_Prompt:_ Every line below from the one with "Mexen Gia freestanding" through the one with "As usual, let's" should be retyped exactly, both ends included; no other lines and no pictures.

Dataset records
----------
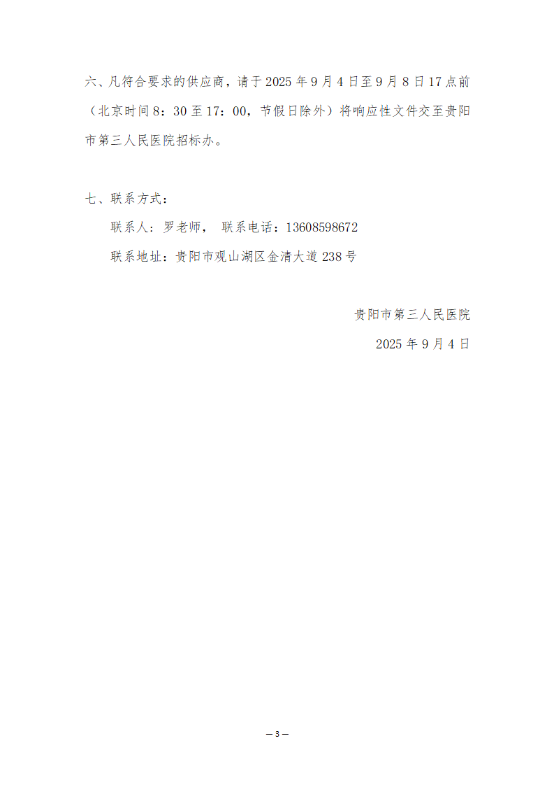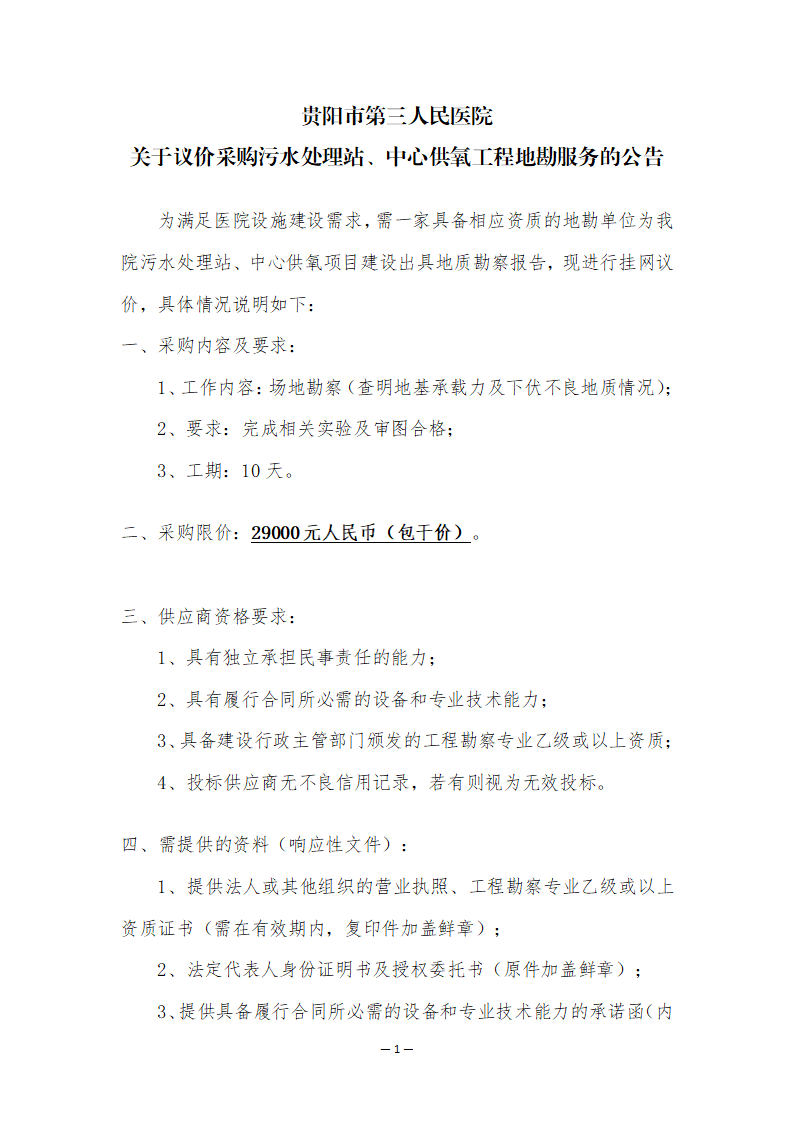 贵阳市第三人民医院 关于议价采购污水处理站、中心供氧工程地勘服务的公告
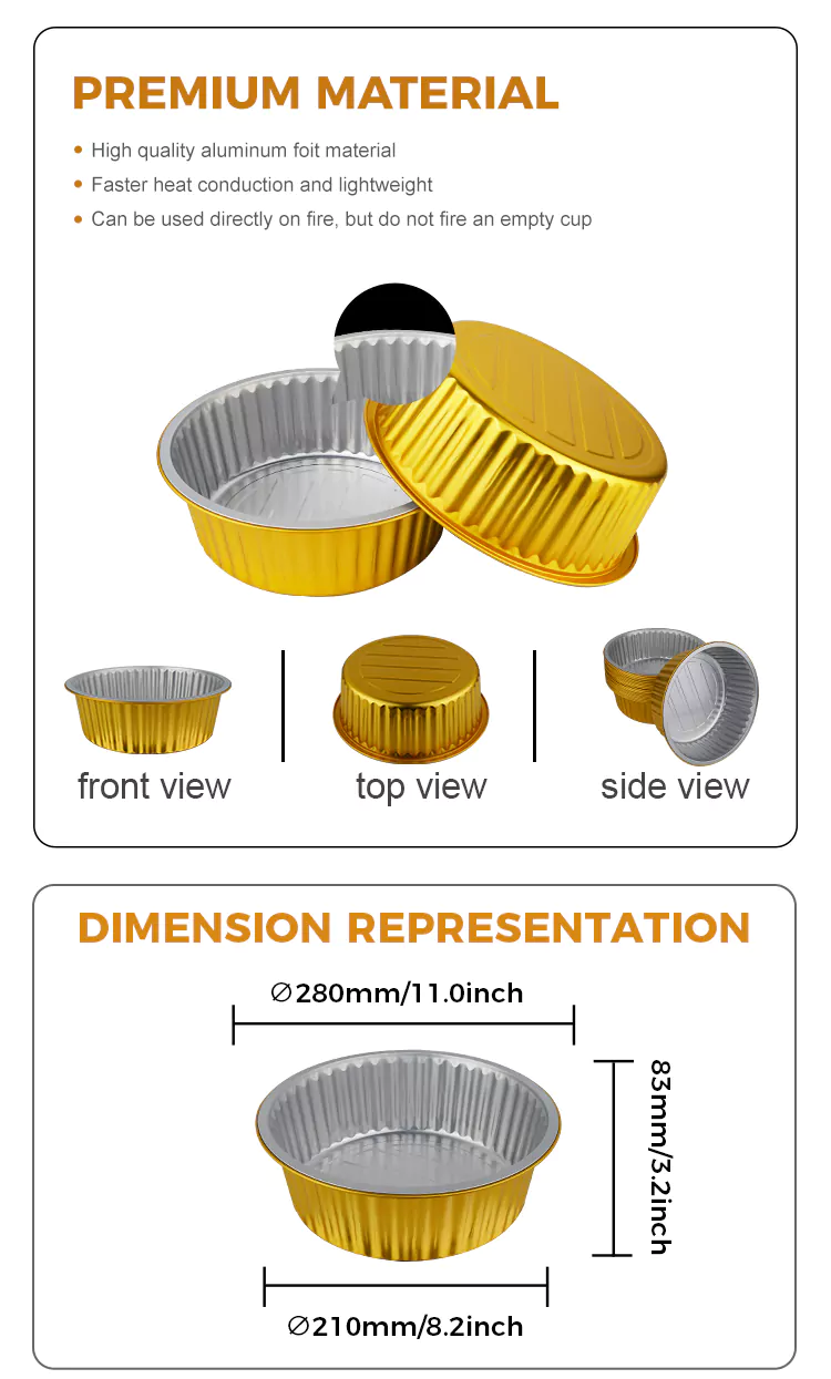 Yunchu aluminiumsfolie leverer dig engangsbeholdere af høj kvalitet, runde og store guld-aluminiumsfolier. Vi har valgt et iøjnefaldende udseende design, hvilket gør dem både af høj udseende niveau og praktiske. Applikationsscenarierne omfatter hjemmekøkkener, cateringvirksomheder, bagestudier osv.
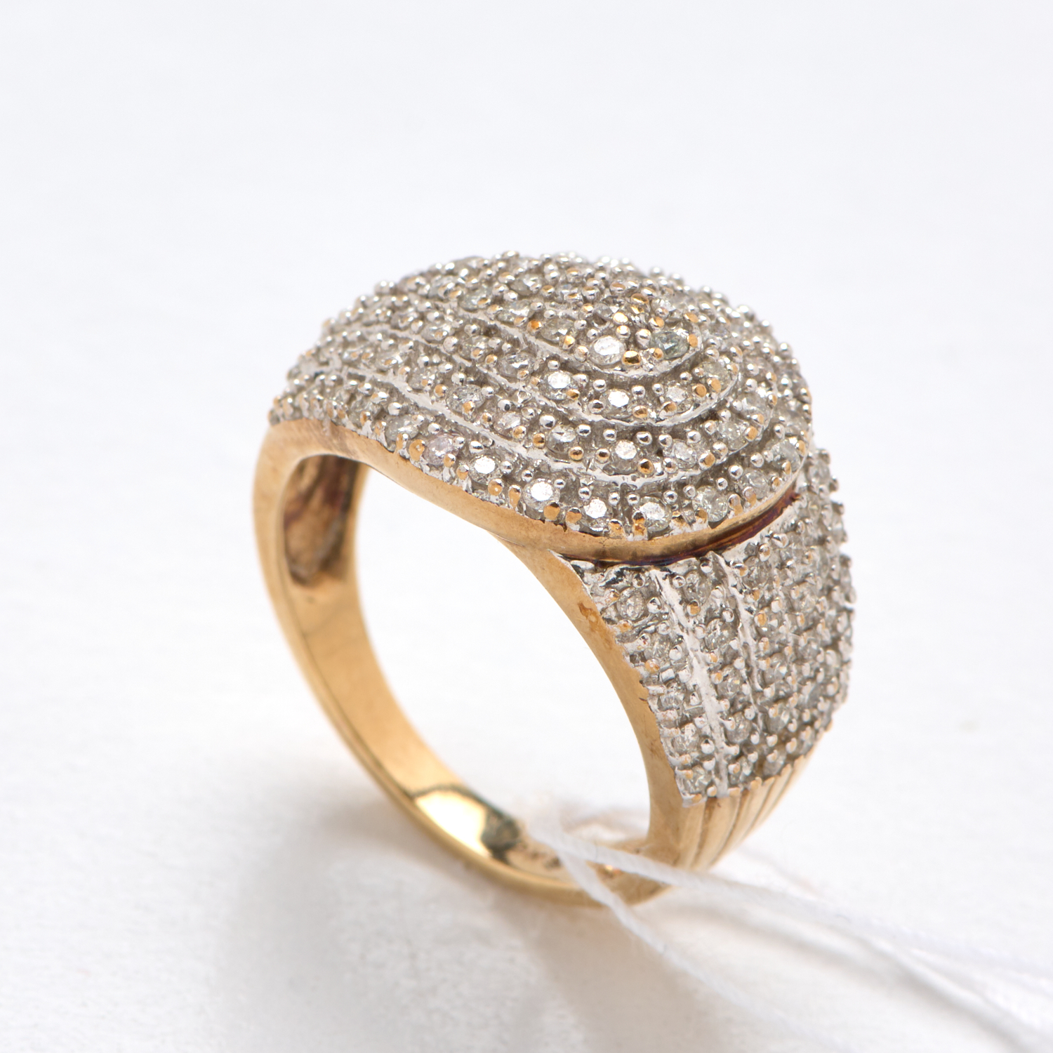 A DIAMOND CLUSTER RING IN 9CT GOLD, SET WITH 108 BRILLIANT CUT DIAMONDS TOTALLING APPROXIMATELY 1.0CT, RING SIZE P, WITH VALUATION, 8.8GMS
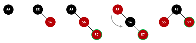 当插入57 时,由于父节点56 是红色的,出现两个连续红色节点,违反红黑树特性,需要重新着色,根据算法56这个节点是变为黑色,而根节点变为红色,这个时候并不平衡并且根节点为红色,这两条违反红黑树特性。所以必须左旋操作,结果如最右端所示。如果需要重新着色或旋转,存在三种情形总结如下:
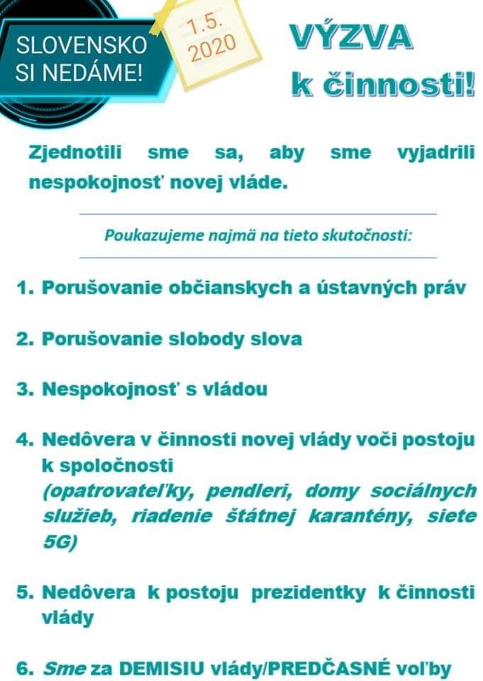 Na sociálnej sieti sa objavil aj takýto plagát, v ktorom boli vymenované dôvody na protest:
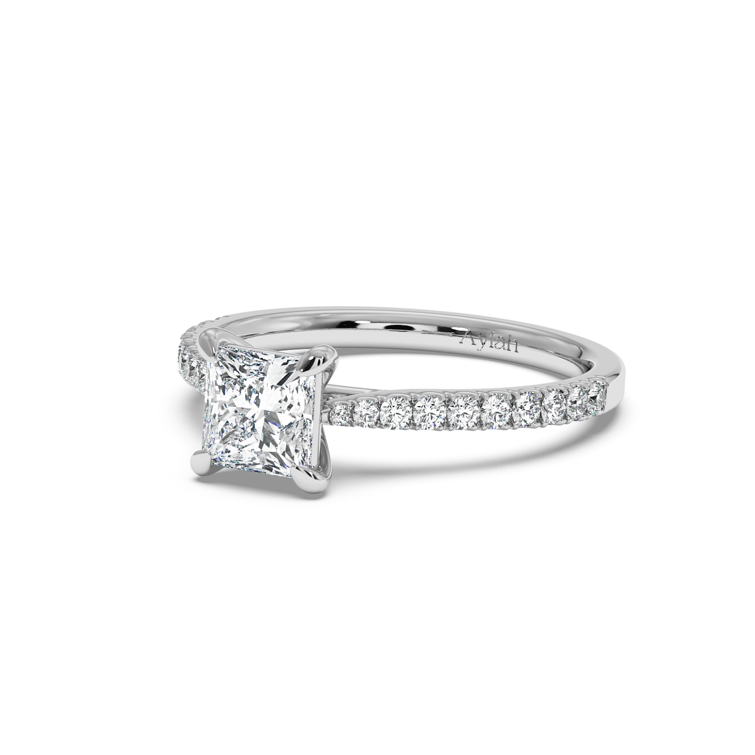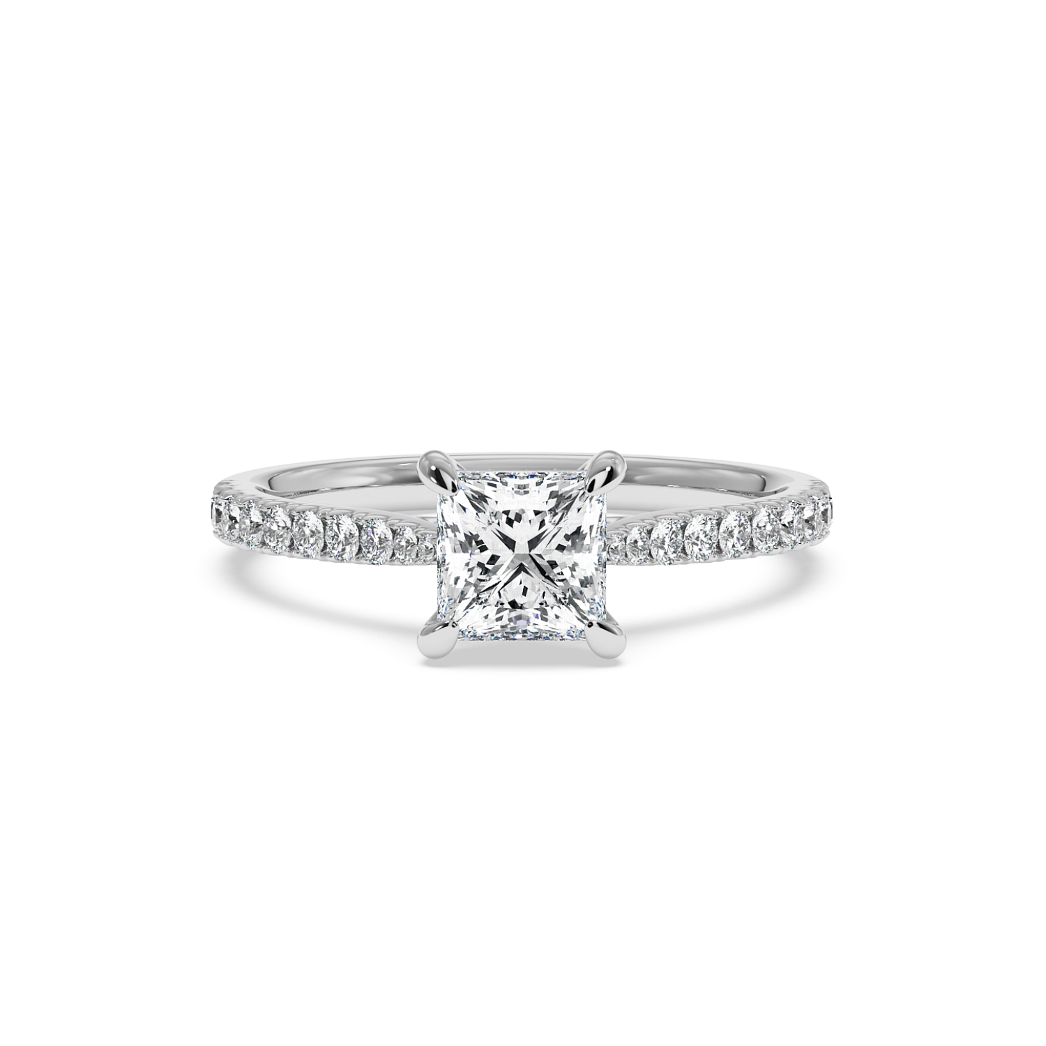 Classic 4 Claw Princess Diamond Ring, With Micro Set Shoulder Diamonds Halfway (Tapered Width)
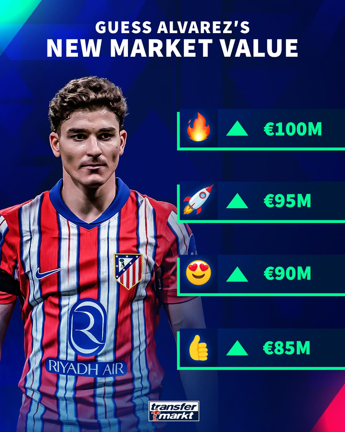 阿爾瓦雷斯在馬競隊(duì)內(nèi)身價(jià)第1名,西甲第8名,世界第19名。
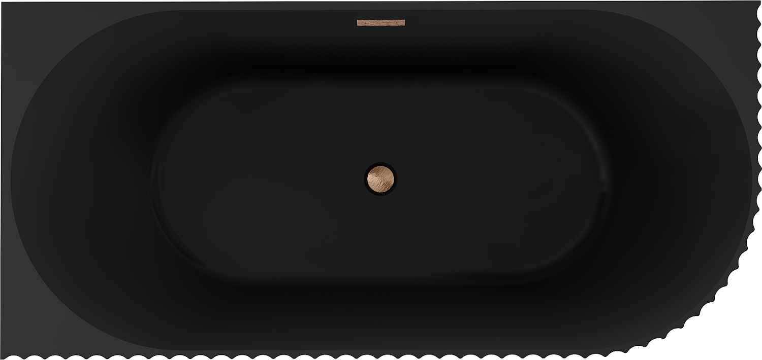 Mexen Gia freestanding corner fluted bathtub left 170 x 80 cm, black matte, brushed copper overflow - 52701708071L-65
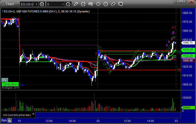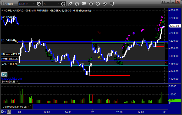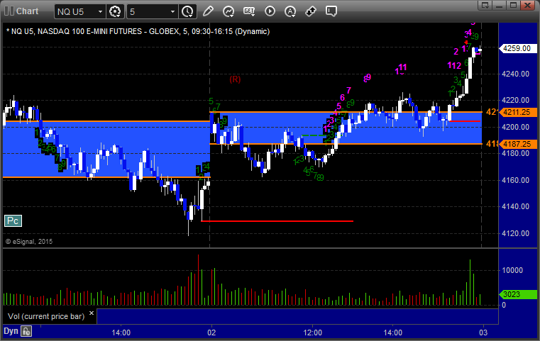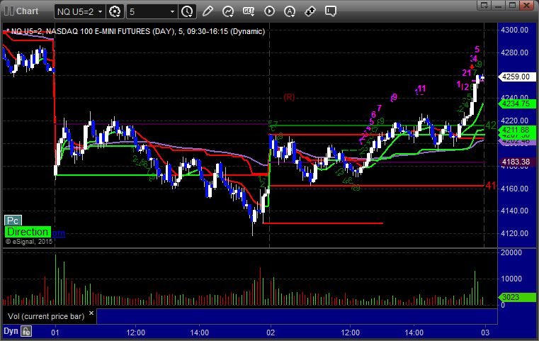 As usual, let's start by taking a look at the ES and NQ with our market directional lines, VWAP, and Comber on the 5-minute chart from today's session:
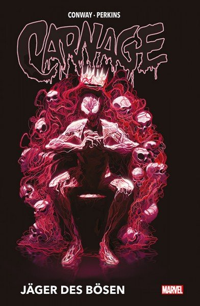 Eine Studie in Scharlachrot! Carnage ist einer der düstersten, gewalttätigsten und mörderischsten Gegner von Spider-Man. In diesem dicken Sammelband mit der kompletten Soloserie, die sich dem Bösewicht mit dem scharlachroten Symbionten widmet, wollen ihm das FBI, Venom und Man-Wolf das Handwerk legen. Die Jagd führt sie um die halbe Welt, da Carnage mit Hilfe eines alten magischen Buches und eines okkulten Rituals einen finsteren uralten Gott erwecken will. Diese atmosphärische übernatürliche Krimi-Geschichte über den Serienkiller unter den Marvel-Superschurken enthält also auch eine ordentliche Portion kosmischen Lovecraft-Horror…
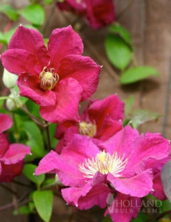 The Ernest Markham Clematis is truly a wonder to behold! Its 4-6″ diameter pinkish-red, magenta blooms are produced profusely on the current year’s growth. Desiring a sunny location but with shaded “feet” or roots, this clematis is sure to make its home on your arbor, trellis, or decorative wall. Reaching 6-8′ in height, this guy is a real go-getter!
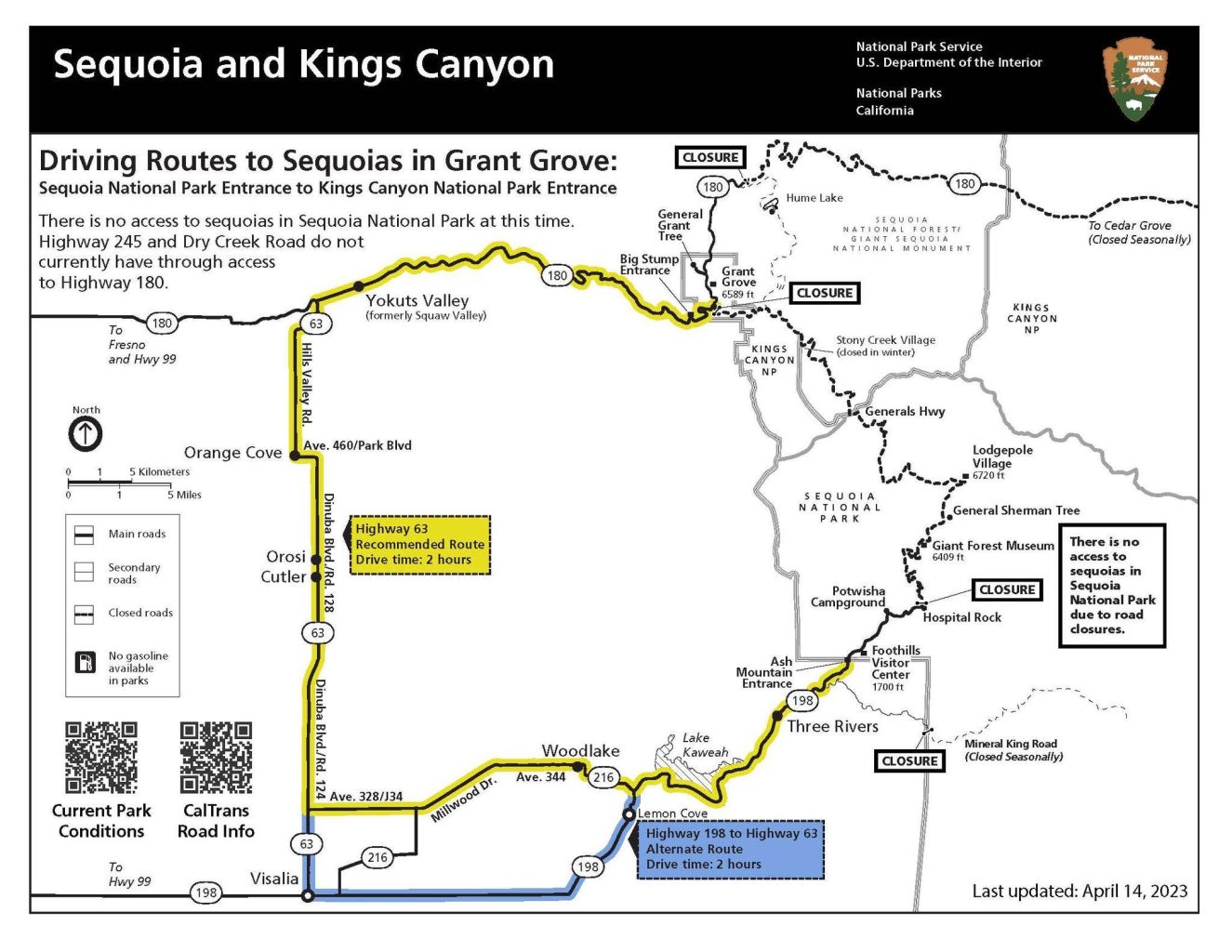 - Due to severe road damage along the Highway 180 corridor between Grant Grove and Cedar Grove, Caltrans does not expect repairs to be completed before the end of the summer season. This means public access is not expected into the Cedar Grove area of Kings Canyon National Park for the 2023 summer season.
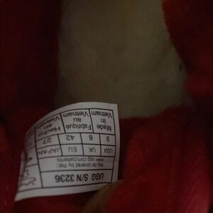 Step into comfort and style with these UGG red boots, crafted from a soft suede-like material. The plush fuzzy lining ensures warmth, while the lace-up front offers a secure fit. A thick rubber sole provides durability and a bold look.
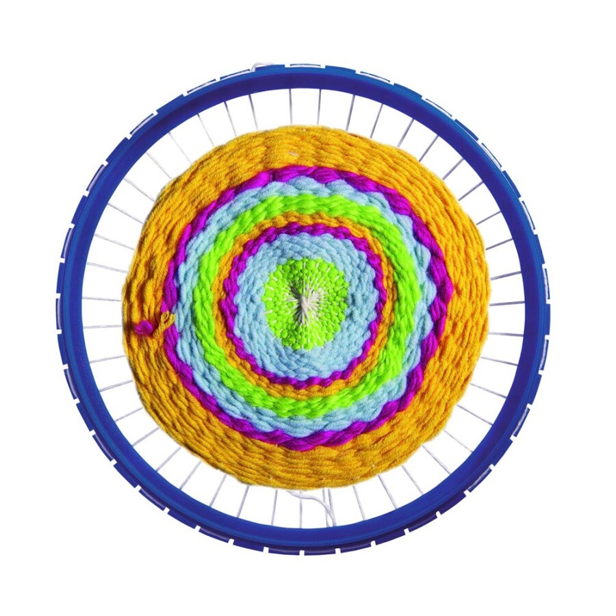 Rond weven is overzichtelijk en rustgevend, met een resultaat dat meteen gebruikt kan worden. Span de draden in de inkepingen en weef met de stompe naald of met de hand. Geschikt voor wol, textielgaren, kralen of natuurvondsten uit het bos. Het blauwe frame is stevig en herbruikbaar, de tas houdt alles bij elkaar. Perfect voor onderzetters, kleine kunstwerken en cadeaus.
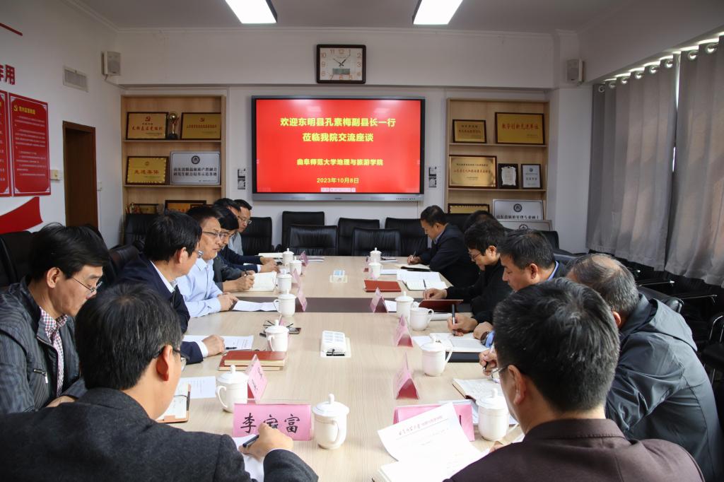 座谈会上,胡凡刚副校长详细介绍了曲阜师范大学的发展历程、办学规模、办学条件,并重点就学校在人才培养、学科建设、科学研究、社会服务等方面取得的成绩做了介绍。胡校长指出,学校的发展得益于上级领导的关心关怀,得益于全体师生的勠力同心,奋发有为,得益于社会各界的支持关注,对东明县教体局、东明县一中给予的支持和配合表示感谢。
----------
_Solution for this task:_
 Mexen Gia freestanding corner fluted bathtub left 170 x 80 cm, black matte, brushed copper overflow - 52701708071L-65
 As usual, let's start by taking a look at the ES and NQ with our market directional lines, VWAP, and Comber on the 5-minute chart from today's session:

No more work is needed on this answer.